Digital ID can enhance access to financial services in Nigeria - Mitchell Elegbe
Nigeria can tackle the challenge of improving access to financial services by ensuring that every citizen has a digital identification number, says Mitchell Elegbe, co-founder and CEO of Interswitch.
The payment company CEO was speaking on Wednesday at the Digital Identity Matters program organised by Techcabal in collaboration with Verifyme to mark International IDday on September 16.
The Nigerian government had on Tuesday declared September 16 as the National Identity Day, a signal that the government was accelerating its drive to provide digital identities to all Nigerians. Nigeria is the first country to make the declaration.
The federal government of Nigeria plans to provide approximately 150 million people with National Identity Numbers ( NIN) over the next 3 to 5 years. This is already included in the country’s Economic Recovery and Growth Plan (ERGP)
This however would become reality, Elegbe says, if the government creates incentives that will make the everyday Nigerian take part in national identity capturing program.

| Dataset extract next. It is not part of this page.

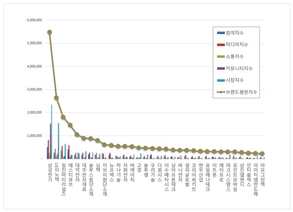 전자장비 상장기업 브랜드평판 분석은 참여지수, 미디어지수, 소통지수, 커뮤니티지수, 시장지수로 구분하여 브랜드평판지수를 산출했다.

Esigie Aguele, CEO of Verifyme said part of the incentives could be to limit access to government programs thereby creating a system whereby Nigerians have to get their NIN to be able to access the government programs.
“Emerging nations like Nigeria could unlock 50 to 70 percent of its full economic potential if we achieve a 70 percent adoption of basic digital ID alone,” Elegbe said.
Digital identity can also contribute to economic value by improving access to and use of financial services. Due to lack of national identities mostly in the unbanked communities, mobile money agents face challenges in trying to verify the identity of the people who pay or receive money through them.
In creating digital identities however, Elegbe said the government has to go beyond recording phone numbers. It should include known residential addresses.
“We need to get KYC sorted out in a way that when you want to verify someone it happens immediately. When verifying people becomes automated, then speed to do transactions is almost immediate,” Elegbe said.